* **PROBLEM TO SOLVE**: Please set down every entry again exactly as it stands, without the pictures.

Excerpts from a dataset
◇ ◇ ◇ ◇ ◇ ◇ ◇
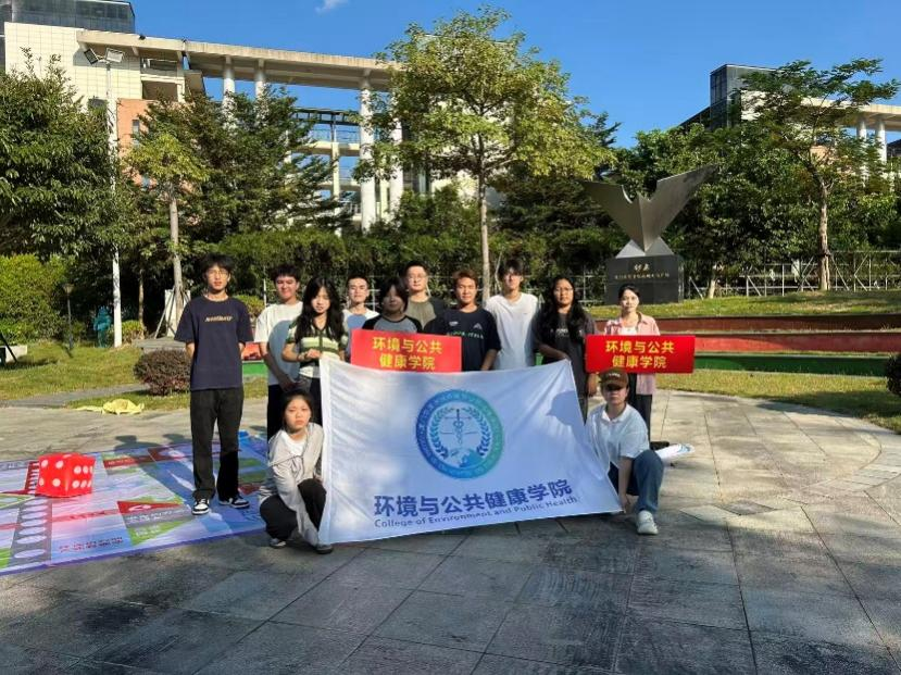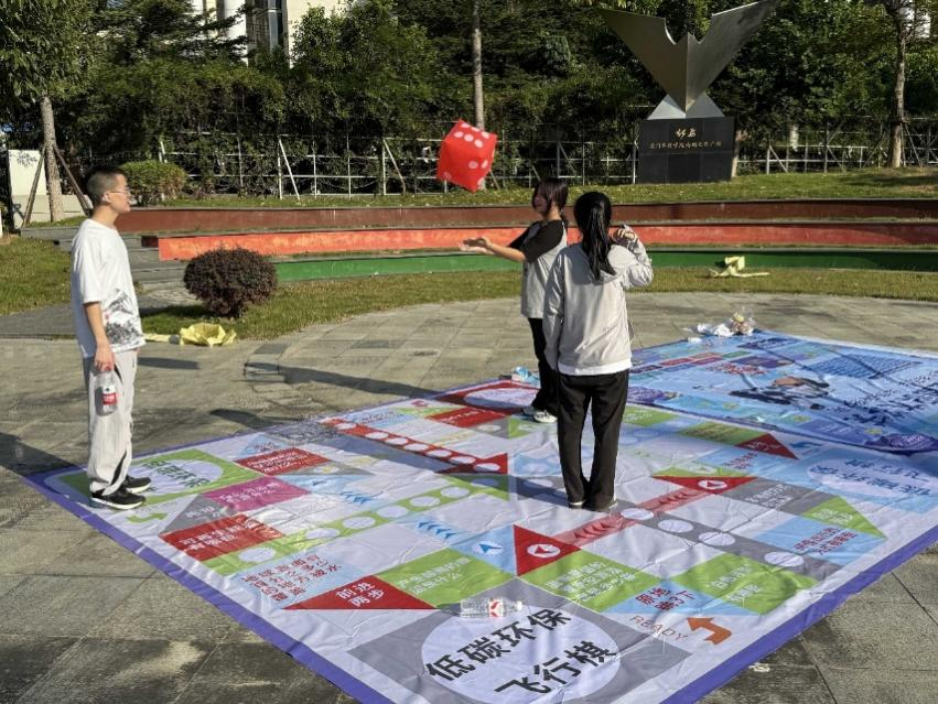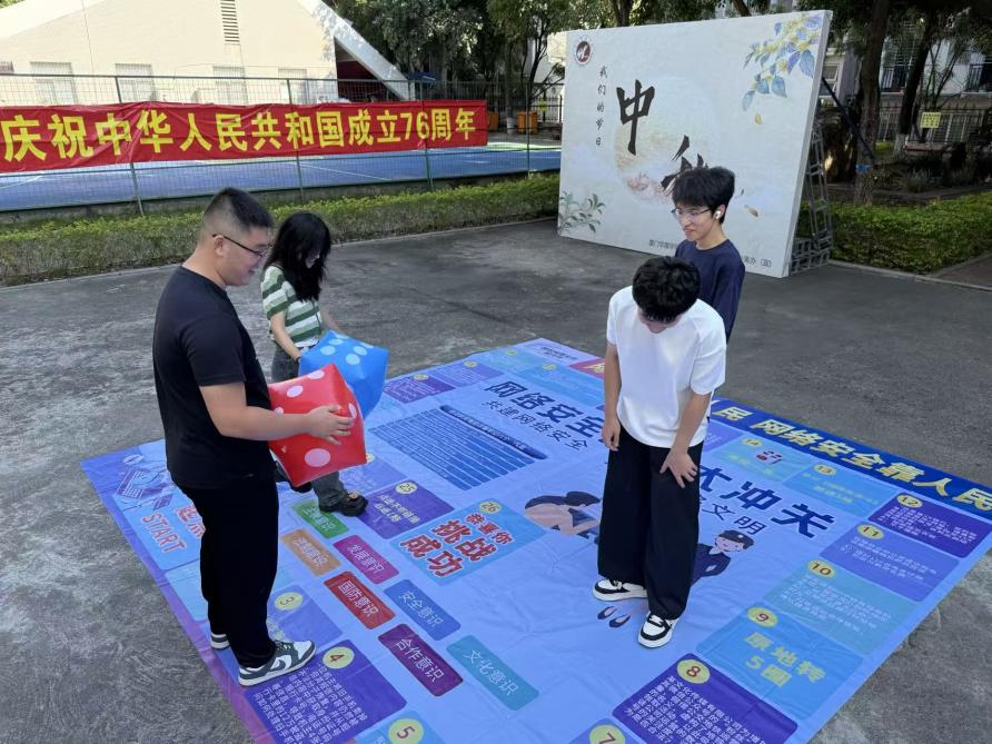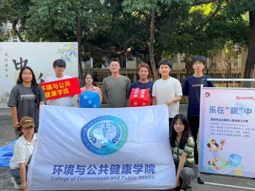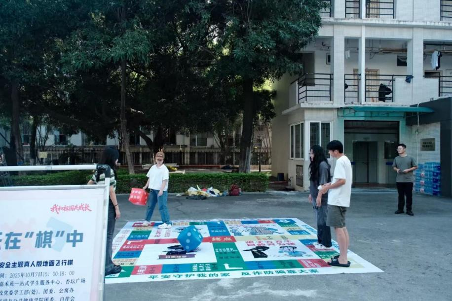 为庆祝中华人民共和国七十六周年华诞,涵养家国情怀、筑牢国家安全基石,深入学习宣传国家安全教育,深化大学生国家安全意识,环境与公共健康学院于2025年10月7日下午在嘉禾苑一站式学生服务中心、杏坛广场举办乐在“棋”中——国家安全主题真人版地面飞行棋活动。
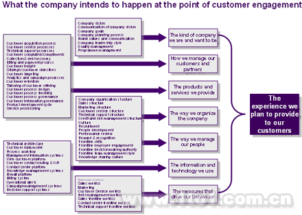 评估客户体验的各个组成部分然后利用系统化思维逐层分析其建立过程,最终你将发现所有必须具备和必须进行管理的能力。下图向我们展示了如何剖析能力从而从内部观点——“企业期望发生的”和外部观点——“客户的实际体验”两方面找出客户体验的根本动力。
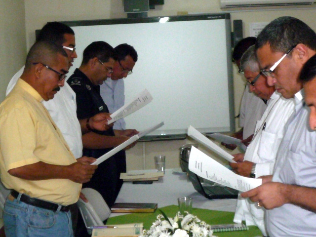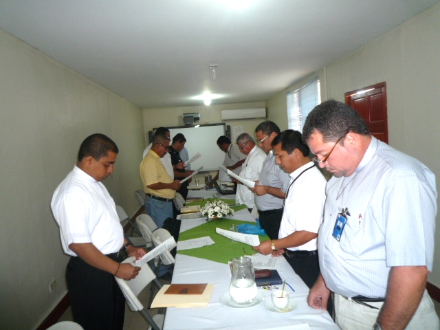 Los capellanes de la zona policial de Coclé, celebraron su reunión mensual, en la estación policial de Penonomé para rendir cuentas de sus actividades ante Monseñor Pedro Hernández, encargado de la Pastoral Policial de la Conferencia Episcopal Panameña y estableciendo sus metas y proyectos para el 2014. La Policía Nacional cuenta con 15 capellanes, distribuidos en toda la geografía nacional, quienes son el soporte espiritual de los agentes y personal no juramentado, que laboran en los distintos estamentos de esta institución de seguridad pública. Estos hombres de Dios, realizan misas, bautizos, matrimonios, charlas y toda una gama de actividades, para fortalecer la fe cristiana de nuestras unidades y cuando se requiere confortar a una de ellas, por la pérdida de un familiar, siempre están allí, guiando, orando y fortaleciendo al necesitado. En la actividad estuvo presente el Subcomisionado Nadím García, Jefe de la Segunda Zona Policial, quien sostuvo lo importante que es para sus unidades, contar con la guía espiritual de los pastores de la iglesia. |
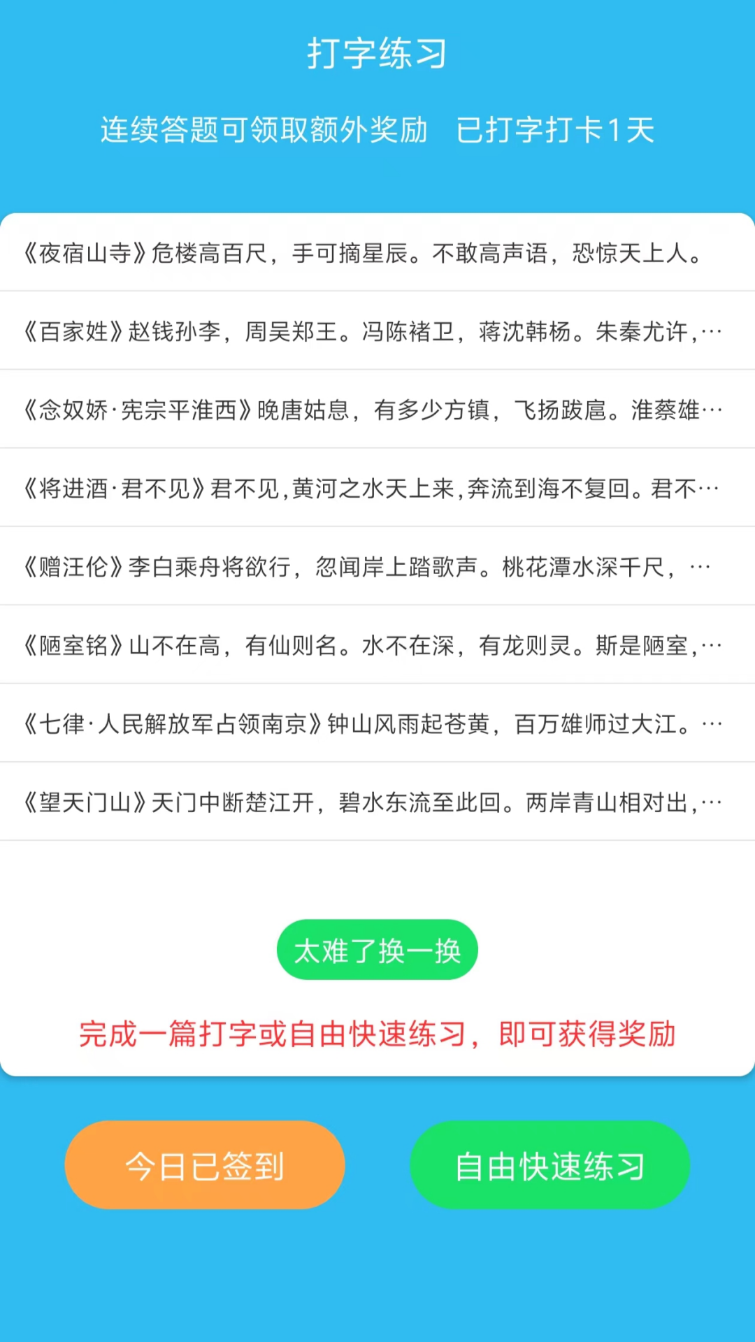 这是一款能够在线打字赚钱的软件哦。它每天都会更新古诗文内容,您既可以对照着这些古诗文进行打字操作,只要完成就能获取相应的奖励呢。在打字过程中,您还能顺便学习古诗文知识,一举两得。当然啦,您也可以自由发挥来打字,这能够让您的双手变得更加灵活敏捷,从而提高打字速度,轻松赚钱。
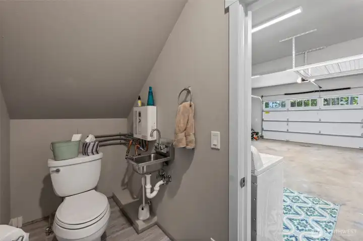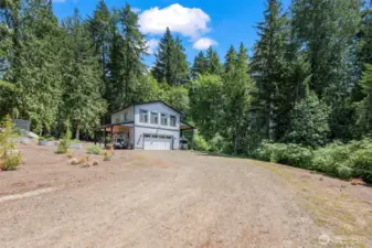 BARNDOMINIUM with huge potential on 2+ acres with 89 feet of waterfront! Live on the property while you build your dream home! Trim your trees for more view! Built in 2019 & move-in ready! The garage has ample room for cars, toys & shop space, plus laundry & 1/2 bath. Upstairs is a 1 bedroom apartment with the comforts of a heat pump, luxury vinyl plank flooring throughout, & a wall of windows facing the water providing great natural light. Kitchen has stainless steel appliances, subway tile backsplash & enviable walk-in pantry! Bedroom has adjoining full bath & walk-in closet. There are 2 additional carport areas outside. Plus property has 5 bedroom septic, RV hookup, and space for gardening or chickens, with no HOA! Best of all worlds!
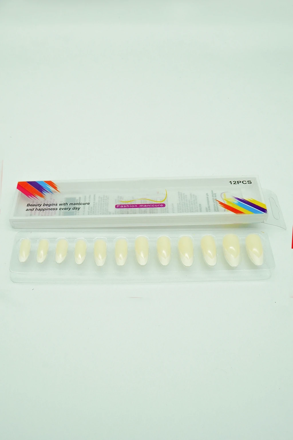 12 Adet Badem Tırnak Tak Ve Çık Kendinden Yapışkanlı Takma Tırnak Krem
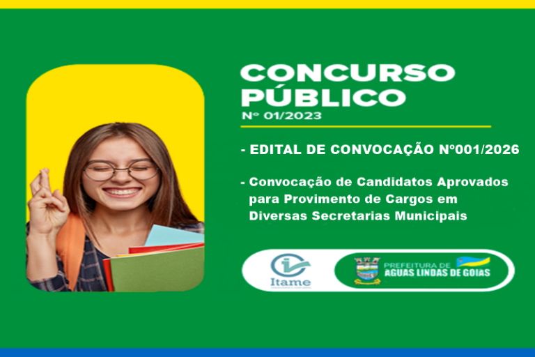 A Prefeitura de Águas Lindas de Goiás, por meio da Secretaria Municipal de Administração, convocou os candidatos aprovados no Concurso
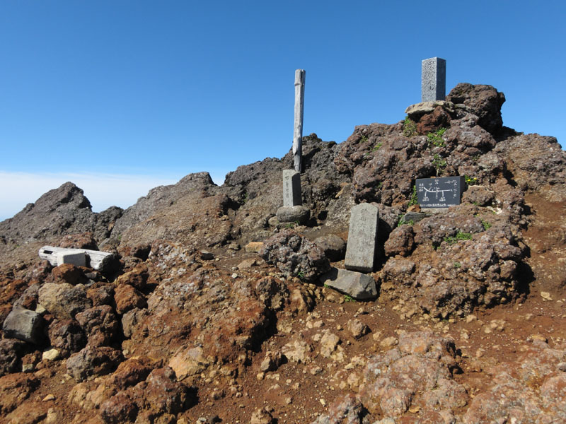 山の標高としては隣の岩盤の1917mだが、三角点の標高は1913mあまりとなる。
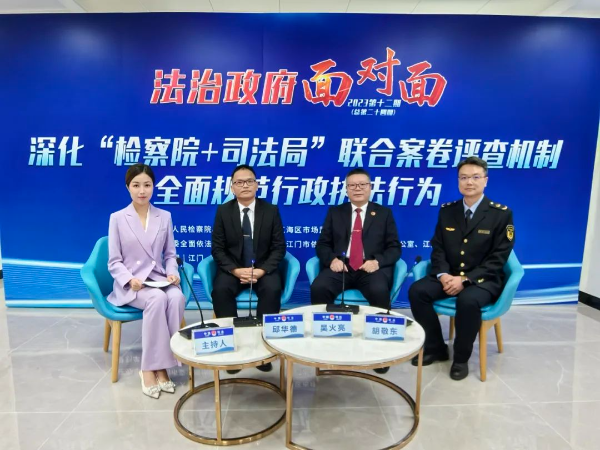 近日,由市委全面依法治市委员会办公室、市依法行政工作领导小组办公室、市普法办公室主办的第二十四期“法治政府面对面”专题访谈节目上线,江海区人民检察院、江海区司法局、江海区市场监督管理局做客节目,聚焦深化“检察院+司法局”联合案卷评查机制,全面规范行政执法行为主题,与群众面对面交流互动、共商法治。
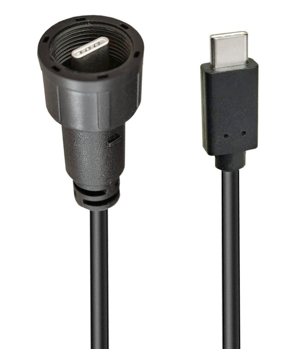 This USB-C male to USB-C male waterproof cable is engineered for demanding industrial, automotive, and outdoor environments where reliable connectivity is critical. Featuring a sealed panel mount connector rated to IP67 (plastic) or IP68 (metal), it provides excellent protection against water, dust, vibration, and environmental exposure.
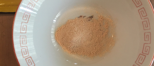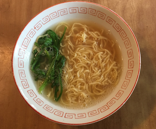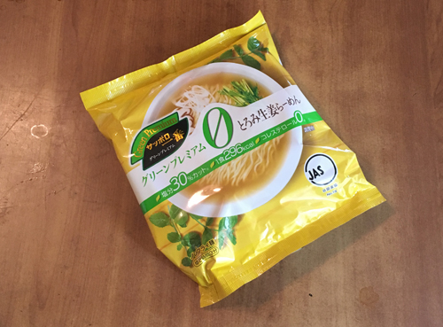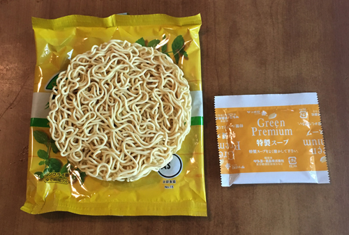 ノンフライの白っぽい麺とスープ袋。
◇ ◇ ◇ ◇ ◇ ◇ ◇
* **EXERCISE OUTPUT**:
 为庆祝中华人民共和国七十六周年华诞,涵养家国情怀、筑牢国家安全基石,深入学习宣传国家安全教育,深化大学生国家安全意识,环境与公共健康学院于2025年10月7日下午在嘉禾苑一站式学生服务中心、杏坛广场举办乐在“棋”中——国家安全主题真人版地面飞行棋活动。
 评估客户体验的各个组成部分然后利用系统化思维逐层分析其建立过程,最终你将发现所有必须具备和必须进行管理的能力。下图向我们展示了如何剖析能力从而从内部观点——“企业期望发生的”和外部观点——“客户的实际体验”两方面找出客户体验的根本动力。
 Los capellanes de la zona policial de Coclé, celebraron su reunión mensual, en la estación policial de Penonomé para rendir cuentas de sus actividades ante Monseñor Pedro Hernández, encargado de la Pastoral Policial de la Conferencia Episcopal Panameña y estableciendo sus metas y proyectos para el 2014. La Policía Nacional cuenta con 15 capellanes, distribuidos en toda la geografía nacional, quienes son el soporte espiritual de los agentes y personal no juramentado, que laboran en los distintos estamentos de esta institución de seguridad pública. Estos hombres de Dios, realizan misas, bautizos, matrimonios, charlas y toda una gama de actividades, para fortalecer la fe cristiana de nuestras unidades y cuando se requiere confortar a una de ellas, por la pérdida de un familiar, siempre están allí, guiando, orando y fortaleciendo al necesitado. En la actividad estuvo presente el Subcomisionado Nadím García, Jefe de la Segunda Zona Policial, quien sostuvo lo importante que es para sus unidades, contar con la guía espiritual de los pastores de la iglesia. |
 这是一款能够在线打字赚钱的软件哦。它每天都会更新古诗文内容,您既可以对照着这些古诗文进行打字操作,只要完成就能获取相应的奖励呢。在打字过程中,您还能顺便学习古诗文知识,一举两得。当然啦,您也可以自由发挥来打字,这能够让您的双手变得更加灵活敏捷,从而提高打字速度,轻松赚钱。
 BARNDOMINIUM with huge potential on 2+ acres with 89 feet of waterfront! Live on the property while you build your dream home! Trim your trees for more view! Built in 2019 & move-in ready! The garage has ample room for cars, toys & shop space, plus laundry & 1/2 bath. Upstairs is a 1 bedroom apartment with the comforts of a heat pump, luxury vinyl plank flooring throughout, & a wall of windows facing the water providing great natural light. Kitchen has stainless steel appliances, subway tile backsplash & enviable walk-in pantry! Bedroom has adjoining full bath & walk-in closet. There are 2 additional carport areas outside. Plus property has 5 bedroom septic, RV hookup, and space for gardening or chickens, with no HOA! Best of all worlds!
 12 Adet Badem Tırnak Tak Ve Çık Kendinden Yapışkanlı Takma Tırnak Krem
 A Prefeitura de Águas Lindas de Goiás, por meio da Secretaria Municipal de Administração, convocou os candidatos aprovados no Concurso
 山の標高としては隣の岩盤の1917mだが、三角点の標高は1913mあまりとなる。
 近日,由市委全面依法治市委员会办公室、市依法行政工作领导小组办公室、市普法办公室主办的第二十四期“法治政府面对面”专题访谈节目上线,江海区人民检察院、江海区司法局、江海区市场监督管理局做客节目,聚焦深化“检察院+司法局”联合案卷评查机制,全面规范行政执法行为主题,与群众面对面交流互动、共商法治。
 This USB-C male to USB-C male waterproof cable is engineered for demanding industrial, automotive, and outdoor environments where reliable connectivity is critical. Featuring a sealed panel mount connector rated to IP67 (plastic) or IP68 (metal), it provides excellent protection against water, dust, vibration, and environmental exposure.
 ノンフライの白っぽい麺とスープ袋。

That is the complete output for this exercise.